Single by Lonestar

from the album Coming Home
- Released: June 13, 2005
- Genre: Country pop; pop rock;
- Length: 4:00 (album version) 3:15 (radio edit)
- Label: BNA
- Songwriters: Brandon Kinney; Brian Dean Maher; Jeremy Stover;
- Producer: Justin Niebank

Lonestar singles chronology
| "Class Reunion (That Used to Be Us)" (2005) | "You're Like Comin' Home" (2005) | "I'll Die Tryin'" (2006) |

= You're Like Comin' Home =

"You're Like Comin' Home" is a song recorded by American country music group Lonestar and it was released in June 2005 as the lead single from their sixth studio album Coming Home. The song peaked at number 8 on the U.S. Billboard Hot Country Songs chart. It was written by Brandon Kinney, Brian Dean Maher and Jeremy Stover.

==Music video==
The music video was directed by Trey Fanjoy and premiered in mid-2005.

==Chart performance==
"You're Like Comin' Home" debuted at number 51 on the U.S. Billboard Hot Country Songs chart for the week of June 18, 2005.

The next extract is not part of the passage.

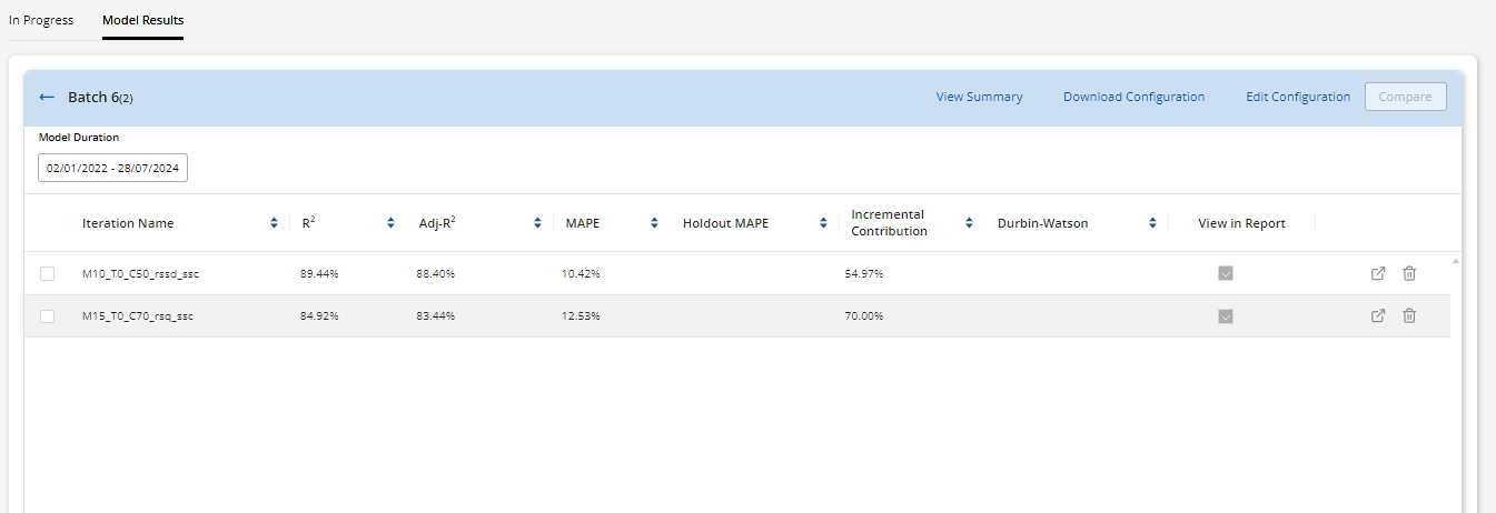 From the list view, user will be able to compare two models of different batches as well (refer to the image below),

| Chart (2005) | Peak position |
|---|---|
| Canada Country (Radio & Records) | 7 |
| US Hot Country Songs (Billboard) | 8 |
| US Billboard Hot 100 | 63 |

===Year-end charts===

| Chart (2005) | Position |
|---|---|
| US Country Songs (Billboard) | 40 |

==Other versions==
Canadian country music band Emerson Drive originally recorded this song, (under the title "You're Like Coming Home") on their 2004 album, What If? Their version was not released as a single, unlike Lonestar's version. A live recording of Emerson Drive's version was released as a digital single in 2005.